27th Speaker of the Legislative Assembly of Prince Edward Island
- In office May 11, 2000 – October 8, 2003
- Preceded by: Wilbur MacDonald
- Succeeded by: Greg Deighan

Member of the Legislative Assembly of Prince Edward Island for Tracadie-Fort Augustus
- In office November 18, 1996 – May 28, 2007
- Preceded by: Riding Established
- Succeeded by: Buck Watts

Personal details
- Born: April 12, 1941 (age 85) Fanningbrook, Prince Edward Island
- Party: Progressive Conservative

= Mildred Dover =

Canadian politician

Mildred Alice Dover (born 12 April 1941) is a former educator and Canadian politician, who was a member of the Legislative Assembly of Prince Edward Island from 1996 to 2007.

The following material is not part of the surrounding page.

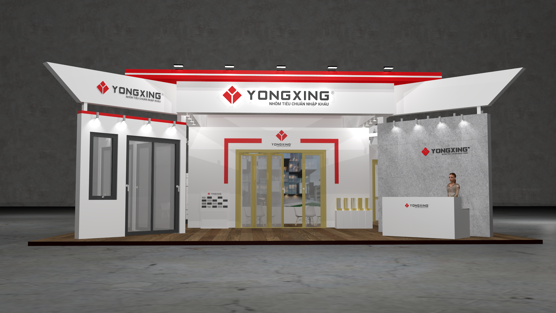 Năm nay gian hàng Nhôm Vĩnh Hưng tiếp tục là một trong những gian hàng lớn, quy mô nhất triển lãm với diện tích lên đến 252m2, trưng bày rất nhiều mẫu cửa, phụ kiện chất lượng cao và đa dạng phân khúc.

A native of Fanningbrook, Prince Edward Island, she represented the electoral district of Tracadie-Fort Augustus and was a member of the Progressive Conservative Party. She served in the provincial cabinet as Minister of Health and Social Services, Attorney General and Minister of Education. Dover served as Speaker of the Legislative Assembly of Prince Edward Island from 2000 to 2003.

Dover was educated at Prince of Wales College and the University of Prince Edward Island. She taught school for 35 years and then began a career as a real estate agent in 1993. Dover was an unsuccessful candidate for a seat in the provincial assembly in 1993.